## [WHAT TO PRODUCE]
Reproduce the lines below exactly, from the one containing "Grayscale did introduce" through the one containing "这项研究工作提出了一种全新的", both included. Leave out any pictures.

## [INPUT DATA]
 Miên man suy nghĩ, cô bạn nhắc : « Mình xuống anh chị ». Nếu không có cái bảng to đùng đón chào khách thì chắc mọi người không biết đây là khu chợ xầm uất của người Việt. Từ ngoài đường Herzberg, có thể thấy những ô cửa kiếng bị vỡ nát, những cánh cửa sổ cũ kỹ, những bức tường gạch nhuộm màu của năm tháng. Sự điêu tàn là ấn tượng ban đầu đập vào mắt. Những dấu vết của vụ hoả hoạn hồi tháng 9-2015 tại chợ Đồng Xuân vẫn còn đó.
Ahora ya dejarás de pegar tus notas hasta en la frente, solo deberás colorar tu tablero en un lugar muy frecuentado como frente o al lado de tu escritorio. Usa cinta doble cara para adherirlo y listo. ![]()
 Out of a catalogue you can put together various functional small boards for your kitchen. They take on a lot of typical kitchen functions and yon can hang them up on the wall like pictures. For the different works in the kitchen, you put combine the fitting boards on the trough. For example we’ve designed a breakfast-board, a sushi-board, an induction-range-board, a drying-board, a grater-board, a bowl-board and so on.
...
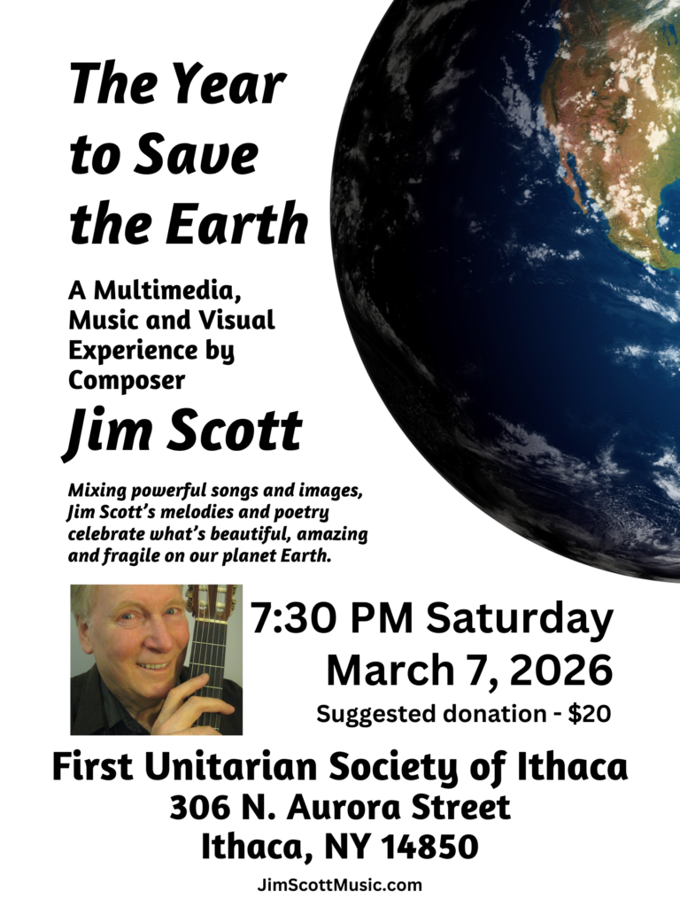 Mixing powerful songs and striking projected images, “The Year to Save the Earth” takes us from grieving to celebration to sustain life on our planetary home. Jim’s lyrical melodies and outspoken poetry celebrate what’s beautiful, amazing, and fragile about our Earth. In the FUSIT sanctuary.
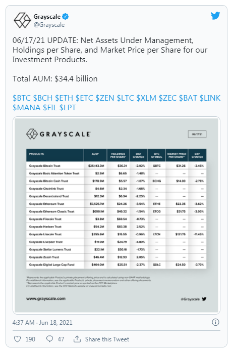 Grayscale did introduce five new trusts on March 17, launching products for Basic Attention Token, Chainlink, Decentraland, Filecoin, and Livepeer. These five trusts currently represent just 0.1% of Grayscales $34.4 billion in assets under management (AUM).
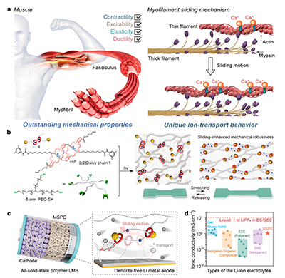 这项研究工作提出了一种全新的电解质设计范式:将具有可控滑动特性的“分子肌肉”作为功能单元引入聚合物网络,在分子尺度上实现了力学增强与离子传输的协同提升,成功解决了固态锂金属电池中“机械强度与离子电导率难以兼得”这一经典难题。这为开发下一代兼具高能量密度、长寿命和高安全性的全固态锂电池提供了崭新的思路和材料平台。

## [REPLY TO THE TASK]
 Grayscale did introduce five new trusts on March 17, launching products for Basic Attention Token, Chainlink, Decentraland, Filecoin, and Livepeer. These five trusts currently represent just 0.1% of Grayscales $34.4 billion in assets under management (AUM).
 这项研究工作提出了一种全新的电解质设计范式:将具有可控滑动特性的“分子肌肉”作为功能单元引入聚合物网络,在分子尺度上实现了力学增强与离子传输的协同提升,成功解决了固态锂金属电池中“机械强度与离子电导率难以兼得”这一经典难题。这为开发下一代兼具高能量密度、长寿命和高安全性的全固态锂电池提供了崭新的思路和材料平台。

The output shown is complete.